Development of a novel nomogram for patients with SCLC and comparison with other models.

机构信息

Department of Radiotherapy, Shanxi Province Cancer Hospital, Shanxi Hospital Affiliated to Cancer Hospital, Chinese Academy of Medical Sciences, Cancer Hospital Affiliated to Shanxi Medical University, No.3, Zhigongxin Street, Taiyuan, Shanxi, 030010, China.

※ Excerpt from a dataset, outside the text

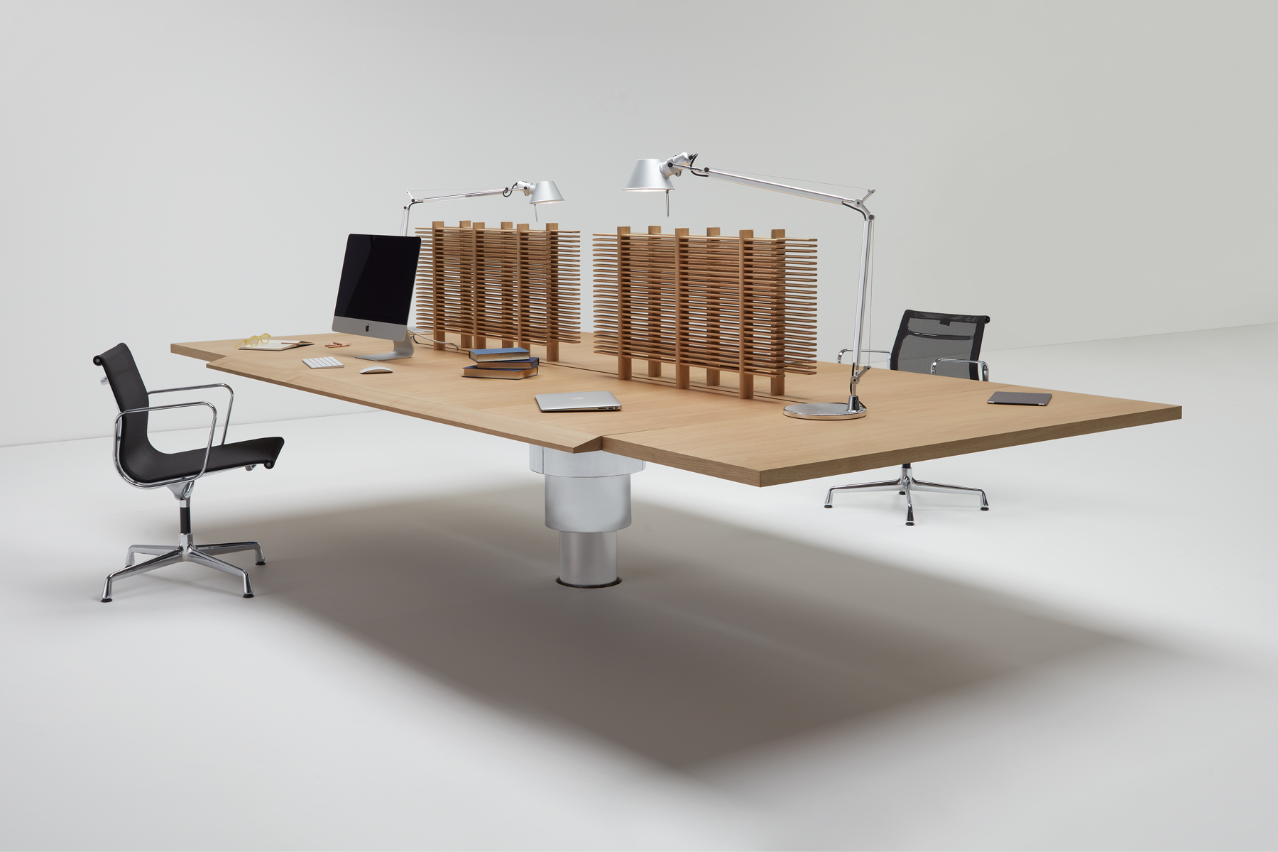Così Michele De Lucchi sintetizza Teamer, programma di tavoli operativi per ambienti di lavoro contemporanei orientati alla flessibilità di utilizzo, alla condivisione e alla leggerezza formale. Qualificato da un design essenziale e da raffinate soluzioni costruttive, il tavolo sembra spuntare dal suolo e volare leggero, come un piano sospeso nel vuoto, sorretto da un’unica struttura metallica centrale composta da elementi cilindrici degradanti dal sottopiano alla piastra di fissaggio posta sotto il pavimento sopraelevato. Caratterizzato da dotazioni tecniche esclusive, il tavolo utilizza in modo diffuso una tecnologia nascosta, che assicura elevate prestazioni funzionali, in grado di favorire il benessere della persona che lavora.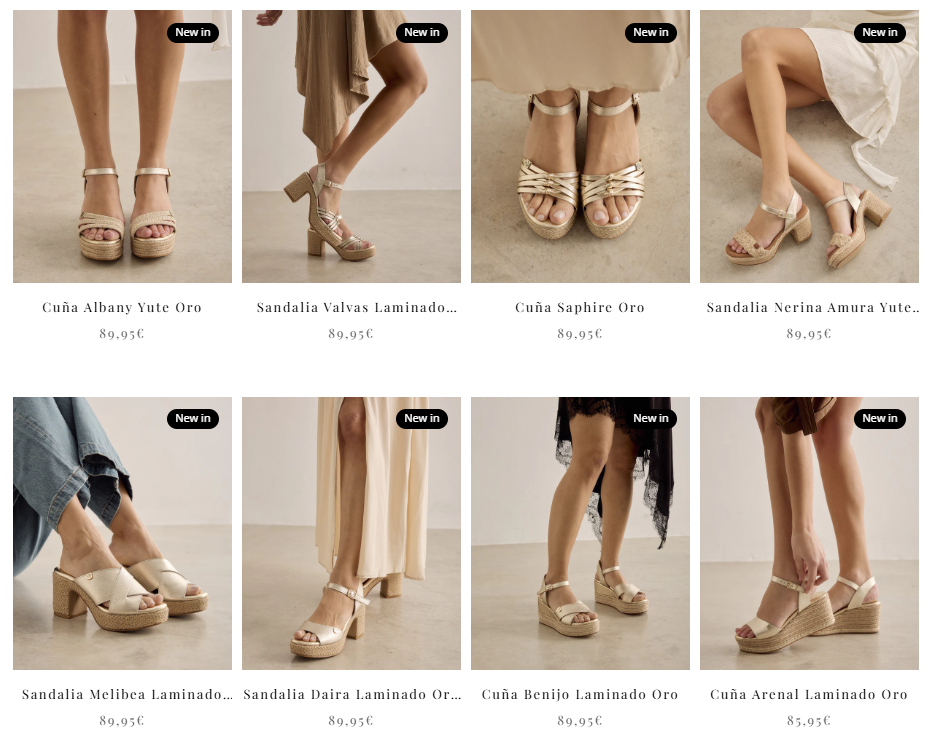 En su tienda online encontrarás desde sandalias planas y cuñas hasta alpargatas, botines y sneakers. Eso facilita crear un pequeño “fondo de armario” solo con la marca: un par para el día a día, otro para eventos y alguno más casual para escapadas o viajes.

Department of Thoracic Surgery, Shanxi Province Cancer Hospital, Shanxi Hospital Affiliated to Cancer Hospital, Chinese Academy of Medical Sciences, Cancer Hospital Affiliated to Shanxi Medical University, No.3, Zhigongxin Street, Taiyuan, Shanxi, 030013, China.

出版信息

BMC Cancer. 2024 Oct 10;24(1):1257. doi: 10.1186/s12885-024-12791-9.

Abstract

BACKGROUND

Though several nomograms have been established to predict the survival probability of patients with small-cell lung cancer (SCLC), none involved enough variables. This study aimed to construct a novel prognostic nomogram and compare its performance with other models.

METHODS

Seven hundred twenty-two patients were pathologically diagnosed with SCLC in Shanxi Province Cancer Hospital, Shanxi Hospital Affiliated to Cancer Hospital, Chinese Academy of Medical Sciences, Cancer Hospital Affiliated to Shanxi Medical University from January 2016 to December 2018. We input Forty-one factors by reviewing the medical records. The nomogram was constructed based on the variables identified by univariate and multivariate analyses in the training set and validated in the validation set. Then we compared the performance of the models in terms of discrimination, calibration, and clinical net benefit.

RESULTS

There were eight variables involved in the nomogram: gender, monocyte (MON), neuron-specific enolase (NSE), cytokeratin 19 fragments (Cyfra211), M stage, radiotherapy (RT), chemotherapy cycles (CT cycles), and prophylactic cranial irradiation (PCI). The calibration curve showed a good correlation between the nomogram prediction and actual observation for overall survival (OS). The area under the curve (AUC) of the nomogram was higher, and the Integrated Brier score (IBS) was lower than other models, indicating a more accurate prediction. Decision curve analysis (DCA) showed a significant improvement in the clinical net benefit compared to the other models.

CONCLUSIONS

We constructed a novel nomogram to predict OS for patients with SCLC using more comprehensive and objective variables. It performed better than existing models and would assist clinicians in individually estimating risk and making a therapeutic regimen.

摘要

背景

虽然已经建立了几种预测小细胞肺癌(SCLC)患者生存概率的列线图,但没有一个涉及足够的变量。本研究旨在构建一种新的预后列线图,并将其与其他模型进行比较。

方法

从 2016 年 1 月至 2018 年 12 月,在山西省肿瘤医院、中国医学科学院肿瘤医院山西医院、山西医科大学附属肿瘤医院,对 722 例经病理诊断为 SCLC 的患者进行了回顾性分析。我们通过查阅病历输入了 41 个因素。基于训练集中单变量和多变量分析确定的变量构建列线图,并在验证集中验证。然后,我们从区分度、校准度和临床净获益方面比较了模型的性能。

结果

该列线图涉及 8 个变量:性别、单核细胞(MON)、神经元特异性烯醇化酶(NSE)、细胞角蛋白 19 片段(Cyfra211)、M 期、放疗(RT)、化疗周期(CT 周期)和预防性颅脑照射(PCI)。校准曲线显示,总体生存(OS)的列线图预测与实际观察之间存在良好的相关性。列线图的曲线下面积(AUC)更高,综合 Brier 评分(IBS)更低,表明预测更准确。决策曲线分析(DCA)显示,与其他模型相比,临床净获益有显著改善。

结论

我们构建了一种新的列线图,使用更全面和客观的变量来预测 SCLC 患者的 OS。它的性能优于现有的模型,可以帮助临床医生个体估计风险并制定治疗方案。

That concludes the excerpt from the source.